PS is well balanced following lively summer sales and careful production controls which have reduced surplus stock levels. In addition, a number of PS plants will be down for routine maintenance this month.
Demand was more subdued than usual with converters buying only when necessary to meet current production needs.
Slow PP orders
PP producers would have been satisfied with a price rollover last month to bolster profit margins after the €15/tonne decrease in the August propylene contract price.
Most early settlements were on a rollover basis but buyer sentiment changed dramatically during the second week of the month because of the economic turbulence in the US and Europe. Order intake slowed with buyers only purchasing what was absolutely necessary and PP prices dipped along with crude oil and naphtha.
The price downturn was however restricted by earlier actions taken by producers to control production and trim stock levels. There were also opportunities to export any surplus material to Asia where prices were rising.
Buyers resist planned L/LDPE hikes
L/LDPE prices fell by slightly more than the €95/tonne reduction in ethylene costs in July, despite producer attempts to retain some of the cost reduction to improve margins.
Last month producers initially called for an ambitious price rise of up to €100/tonne after the August C2 contract price settled €30/tonne higher. Early settlements saw gains of €30-50/tonne but the global financial turbulence led to a sharp fall in crude oil and naphtha prices, which led some buyers to believe that polymer prices would soon follow suit.
Demand ebbed away as the month progressed with converters preferring to work off stocks that had been built up over previous months rather than paying the higher prices asked for by producers.
Sellers were under no real pressure to offload material as stock levels had been cut back over the summer but prices generally settled on a weak rollover.
Economic concerns stall HDPE market
HDPE sellers initially targeted price increases of between €50-100/tonne at the beginning of August to recover the €30/tonne rise in ethylene costs and improve their under-performing profit margins.
Early contracts were settled up to €30/tonne higher than July levels but sellers were soon forced to retreat on their plans during the second week of the month as the economic and financial turmoil led to a virtual standstill in buying activity by their customers. The slide in crude oil and naphtha prices persuaded converters to refrain from any additional buying and work from existing stocks as they expect ethylene and HDPE prices to fall in September.
By mid-August it appears that a weak rollover would be the most likely scenario for the month as a whole.
Roller coaster ride for PET prices
Having seen many months of rising prices followed by three months of falling prices since May, PET resin prices rose once again last month. The PET price volatility is largely explained by sharp movements in the key paraxylene (PX) feedstock.
In July, PX prices dropped by €85/tonne and bottle-grade PET responded with a €50/tonne decline. The situation reversed last month with PX costs rising by €100/tonne and monoethylene glycol (MEG) costs rising by €4/tonne. PX supply tightened in August and there was higher demand for polyester fibre in China. The combined impact of feedstock development on the PET cost base was a rise of €60/tonne.
PET producers managed to claw back only €30-40/tonne of the cost increases.

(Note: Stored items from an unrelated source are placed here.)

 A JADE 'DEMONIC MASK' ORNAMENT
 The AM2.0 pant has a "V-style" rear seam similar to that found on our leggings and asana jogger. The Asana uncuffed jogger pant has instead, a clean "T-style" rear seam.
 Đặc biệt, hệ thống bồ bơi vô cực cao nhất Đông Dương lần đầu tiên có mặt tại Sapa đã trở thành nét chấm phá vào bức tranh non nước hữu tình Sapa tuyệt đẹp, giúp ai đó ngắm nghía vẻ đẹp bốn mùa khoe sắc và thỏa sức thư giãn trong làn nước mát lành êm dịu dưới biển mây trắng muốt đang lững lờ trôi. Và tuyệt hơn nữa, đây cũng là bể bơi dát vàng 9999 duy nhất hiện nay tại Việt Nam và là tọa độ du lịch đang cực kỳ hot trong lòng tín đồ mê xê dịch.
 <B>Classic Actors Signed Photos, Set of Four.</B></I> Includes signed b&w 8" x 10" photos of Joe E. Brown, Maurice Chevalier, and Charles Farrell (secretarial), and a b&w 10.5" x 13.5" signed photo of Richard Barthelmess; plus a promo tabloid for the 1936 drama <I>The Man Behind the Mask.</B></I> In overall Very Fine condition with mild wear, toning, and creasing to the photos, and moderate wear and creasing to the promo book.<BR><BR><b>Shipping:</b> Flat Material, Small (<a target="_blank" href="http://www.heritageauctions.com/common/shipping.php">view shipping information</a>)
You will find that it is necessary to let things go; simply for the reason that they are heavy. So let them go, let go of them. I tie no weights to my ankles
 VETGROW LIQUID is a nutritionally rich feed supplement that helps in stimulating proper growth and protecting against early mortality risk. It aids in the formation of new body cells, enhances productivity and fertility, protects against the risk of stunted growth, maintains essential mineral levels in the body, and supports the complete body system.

Converters have plenty of stock and are taking a cautious approach to buying any additional material given the growing economic uncertainties. In addition, the patchy summer weather in northern Europe held back demand for beverage bottles.
PET producers have responded to the demand slowdown by trimming plant operating rates to control inventory levels. Asian imports have slackened since late July as prices there increased.
Sluggish sales hamper PVC
PVC producers sought price increases of up to €30/tonne in early August to compensate for the €15/tonne rise in ethylene costs and to add a small margin improvement. While some early deals settled slightly higher, sellers were soon forced to backtrack on their calls for price increases following the oil price slide and economic uncertainties of the second week of August.

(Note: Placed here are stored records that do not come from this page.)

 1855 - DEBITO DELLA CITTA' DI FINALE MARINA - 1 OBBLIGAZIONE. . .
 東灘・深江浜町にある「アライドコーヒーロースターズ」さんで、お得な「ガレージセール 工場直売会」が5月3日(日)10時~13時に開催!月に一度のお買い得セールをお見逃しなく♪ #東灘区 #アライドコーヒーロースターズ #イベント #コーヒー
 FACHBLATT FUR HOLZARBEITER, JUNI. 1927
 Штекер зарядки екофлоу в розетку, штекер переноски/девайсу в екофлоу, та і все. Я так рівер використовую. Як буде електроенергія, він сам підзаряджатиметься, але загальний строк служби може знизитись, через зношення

Demand was generally weaker than would normally be expected in August, especially in southern Europe and central and eastern Europe. Some converters decided to run down their stocks rather than commit to buying additional volumes given the prospect of lower prices in September. Those who needed to buy pushed for price concessions or at least a rollover.
Material availability is good with virtually all plants operating as normal and inventories for most suppliers are long. The Ineos facility at Schkopau, Germany, was the only PVC plant undergoing a maintenance turnaround last month.